The marriage took place on 23 February 1840 in the parish church. Susan, a spinster, gives her father's name as John Gidley, woolcomber. In the census the following year she says she was not born in Middlesex. The father's occupation would seem to lead to Devon, but I can't find a Susan or Susanna of the correct age with a father John. Unfortunately, Susan Badcock died in 1845 in Marylebone aged 33, so was not around to give her place of birth in the 1851 census. There were no children.
There is a Susanna Gidley christened in Dean Prior in 1810, but she was the daughter of William Gidley and Sidwell Manley. William wasn't a woolcomber but an agricultural labourer.
There is a Susanna Gidley christened in Dean Prior in 1806. Her father was Harry Gidley and although he was a woolcomber, this Susanna Gidley married George Blackler in 1831. Her father was living with the couple in 1851.
There is a John Gidley who was a wool dealer in 1851 in Dean Prior, but he doesn't seem to have a daughter Susan/Susanna. However, there is a gap of 6 years in his children's births between 1812 and 1818. Was a daughter Susan's christening omitted from the records?
The next two mystery Gidleys are linked, one being the mother of the other (and it took some time to work that out).
3. Anna Gidley who married William Sampson on 8 March 1847 in Wolborough, Devon.
4. Mary Elizabeth Gidley who married James Hitt on 27 July 1862 in Tormoham (Torquay).
On the marriage certificate Anna Gidley names her father as John Gidley, labourer. In 1851 she is aged 28, living with husband William Sampson in Wolborough and her birthplace is given as Bovey Tracey. That sounds straightforward enough, but although I have a John Gidley on my Bovey Tracey tree who is of an age (christened in 1796) to be Anna's father, I don't have a marriage for him, nor any census details nor deaths. He just vanishes (not unusual, and I assumed he had died as an infant). It is possible that the name of Anna's father, John Gidley, is a fiction.
There are no baptisms for Anna Gidley in Bovey Tracey at around that time, nor for any other girls named Anna or Hannah. Nor are there any in the Bovey Tracey Independent Chapel, where two of the Gidley family of Bovey were baptised. I have to presume that Anna was never christened, as she is consistent in her place of birth being Bovey Tracey.
In about 1843 Anna gave birth to a daughter, Mary Elizabeth Gidley, whose birth was apparently not registered nor was she baptised. Then in 1847 in Wolborough, Newton Abbot, Anna married William Sampson, a mason. Although her daughter Mary is enumerated as Mary E Sampson in the 1851 census, living with her mother and stepfather in Wolborough, when Mary married James Hitt in 1862 in Tormoham (Torquay) the father's name on the marriage certificate is left blank. William Sampson was evidently not her biological father.

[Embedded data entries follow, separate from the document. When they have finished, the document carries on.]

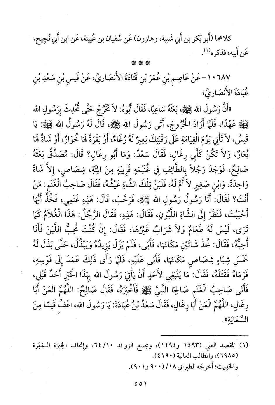 ١٠٦٨٧ - عن عاصم بن عمر بن قتادة الأَنصاري، عن قيس بن سعد بن عبادة الأَنصاري؛
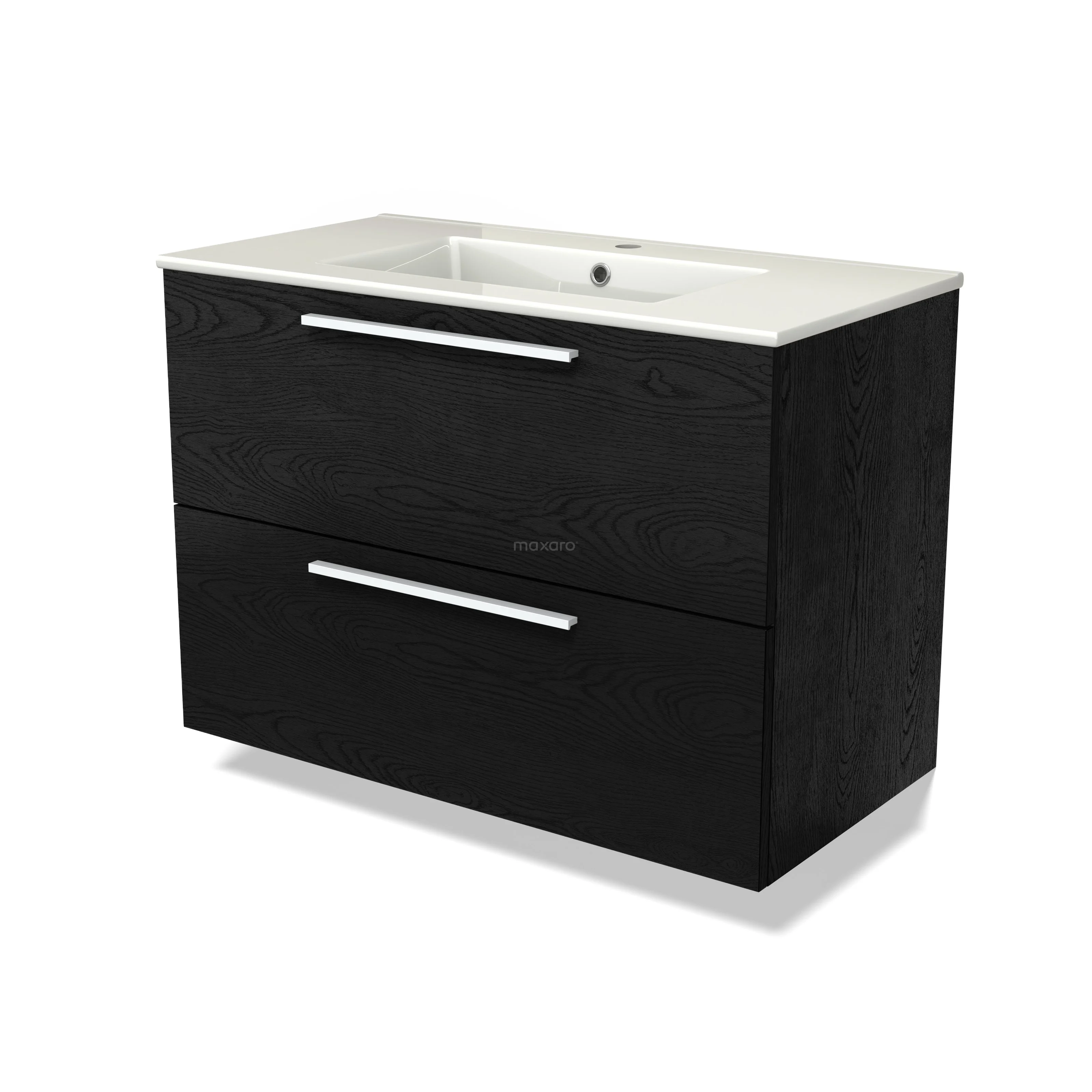 Modulo Waschtische | 90 cm Schwarze Eiche Flach front Keramik 2 übereinanderliegende Schubladen
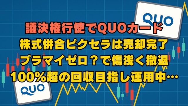 株式投資 議決権行使でクオカード、ピクセラをプラマイゼロ?で売却 2026年2月14日 jump-fire-man 議決権行使でもれなくQUOカードがいただけていた情報のあった銘柄で、元本回収・逃げ切りを狙ってみるシリーズ。 10:1併合が予定されて …
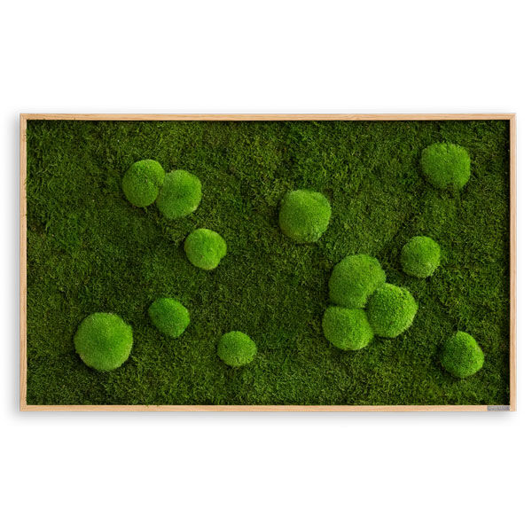 Moosbild: Wald- und Kugelmoos 100x60 cm Vollholz (Eichenfurnier)
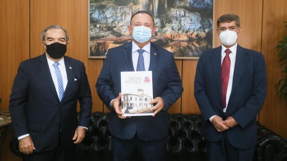 O presidente Adolfo Menezes recebeu visita de cortesia de diretores do Instituto Geográfico e Histórico da Bahia (IGHB), entidade conveniada com a Assembleia Legislativa, parceiro na produção e publicação de livros históricos através do programa editorial que o Legislativo executa. O presidente da instituição, Eduardo de Castro, e o secretário-geral, Newton Cleyde, conversaram com o deputado Adolfo Menezes durante 40 minutos sobre a conjuntura econômica e cultural da Bahia e as dificuldades que a pandemia carreou para entidades como o IGHB nesses 17 meses de retração.
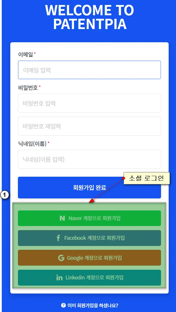 최초 회원 가입 시에 소셜 로그인을 한 경우에는 소셜 로그인을 사용해야 함.

Anna Sampson's husband William died in 1868 aged 44, and I can't find any more about Anna. She was not the Anna Sampson who died in 1862 in Newton Abbot registration district.
Mary Elizabeth Hitt's husband James died in 1867 aged only 25, and she married again. Her three Hitt children did not live with her in her new husband's household and her daughter Louisa Hitt was in an Industrial School in Devizes, Wiltshire in 1881.